What you should do: All of the data below should be printed again word for word, pictures excluded.

Collected material:
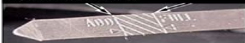
Figure 3 — Dipstick Markings
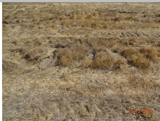
View of animal holes at the waterside toe. Fall 2020
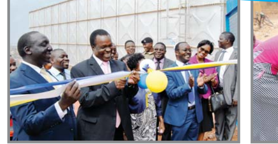
Hon Minister for Water and Environment together with the Chairman board of directors and MD NWSC commissioning a 1,000ltrs capacity reservior in Kanyanaya as part of the Corporations Water Stabilization

Reply to the task:
Figure 3 — Dipstick Markings
View of animal holes at the waterside toe. Fall 2020
Hon Minister for Water and Environment together with the Chairman board of directors and MD NWSC commissioning a 1,000ltrs capacity reservior in Kanyanaya as part of the Corporations Water Stabilization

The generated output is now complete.